August 7, 2008
WASHINGTON (AFP) — Troubled US banking giant Citigroup has agreed to buy back 7.5 billion dollars’ worth of tainted securities it marketed to tens of thousands of investors, US regulators announced Thursday.
The vast buyback forms part of a preliminary settlement Citigroup has reached with the Securities and Exchange Commission (SEC) and other regulators tied to its marketing of complex debt instruments called auction rate securities.
The settlement, which comes as Citigroup struggles to shake off billions of dollars in losses tied to mortgage investments, could apply fresh stress to the global bank’s finances and make it the target of investor lawsuits.
The deal, which has to be formally approved by the SEC, also requires Citigroup to “liquidate” by the end of 2009 some 12 billion dollars’ worth of auction rate securities it sold to institutional investors.
“This settlement in principle is an outstanding example of federal and state regulatory cooperation for the benefit of investors and markets,” said Linda Chatman Thomsen, the head of the SEC’s enforcement division.
The accord was unveiled by regulators as a widespread credit crunch continues to roil major Wall Street banks.
Officials said the 7.5-billion-dollar buyback will benefit around 38,000 investors, small businesses and charities who had purchased auction rate securities from Citigroup.
Citigroup — which has a market worth of 104 billion dollars — meanwhile will seek to make good over 2,600 institutional investors who hold 12 billion dollars’ worth of the stressed securities.
“We are pleased to reach this agreement in principle with the New York attorney general, the Securities and Exchange Commission, and other state regulatory agencies,” Citigroup said in a statement.
The bank said it was focusing on the “best and fastest route to providing liquidity to our clients.”

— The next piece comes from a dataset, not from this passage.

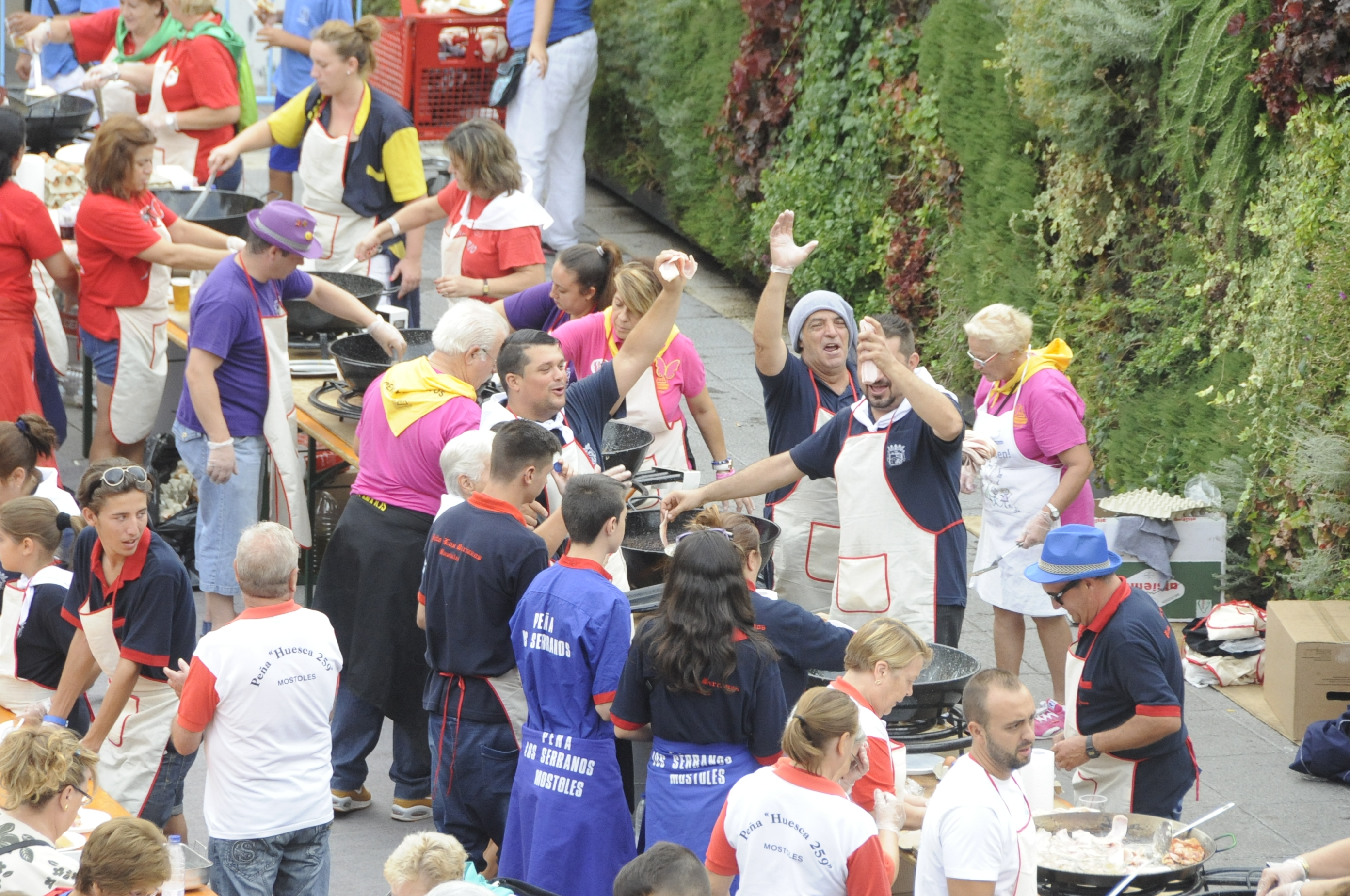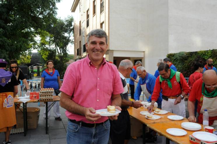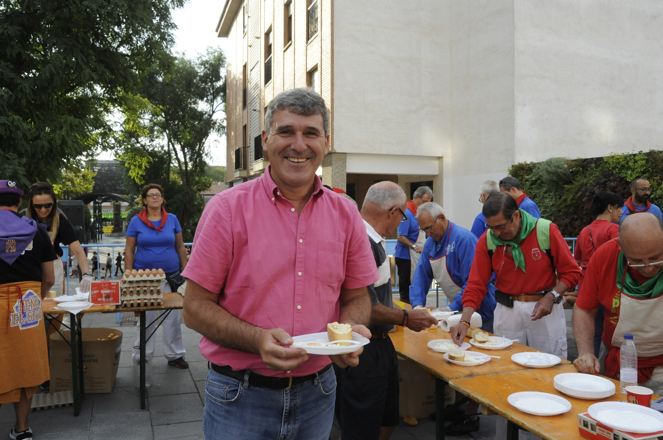 Las peñas de Móstoles se encargan de la preparación de los platos que constan de huevos fritos, bacon y una bebida para los adultos y refrescos para los más pequeños. Esta actividad cuenta con la colaboración de la empresa de huevos DAGU y de los comerciantes del Mercado de Artesanía.

Auction rate securities, essentially debt instruments issued by financial firms, municipalities and student loan companies, typically have a fairly lengthy maturity. But the interest rates on such securities can be volatile and change at weekly and monthly auctions run by banks.
The instruments provided a lucrative business for many banks in recent years, but the market for auction rate securities imploded in February as a sweeping credit squeeze — which began in the US housing and mortgage markets — worsened.
Citigroup was one of the largest marketers of auction rate securities before the market collapsed, leaving many of its investors nursing paper losses.
The Klayman & Toskes law firm said it would be seeking “consequential damages” on the behalf of disgruntled Citigroup investors.
The SEC said Citigroup had marketed auction rate securities as “liquid” investments, suggesting they were almost as safe and accessible as cash. But regulators said the securities were illiquid, and that investors could not reclaim their holdings quickly.
The settlement comes on the heels of a related investigation by New York state attorney general Andrew Cuomo into the bank’s practices.
“Citigroup marketed and sold auction rate securities as safe, cash-equivalent products, when in fact they faced increasing liquidity risk,” Cuomo said, adding “this type of action will not be tolerated.”
Wall Street banks are required to follow strict guidelines in how they market investments to potential customers.
Citigroup has agreed to pay two civil penalties of 50 million dollars each to New York state and the North American Securities Administrators Association (NASAA).
Cuomo’s office and a NASAA task force are probing how other big banks and brokerage firms marketed auction rate securities.
Citigroup’s shares, which have dived over 60 percent in the past year, closed down 6.2 percent at 18.47 dollars in New York in the wake of the SEC’s announcement.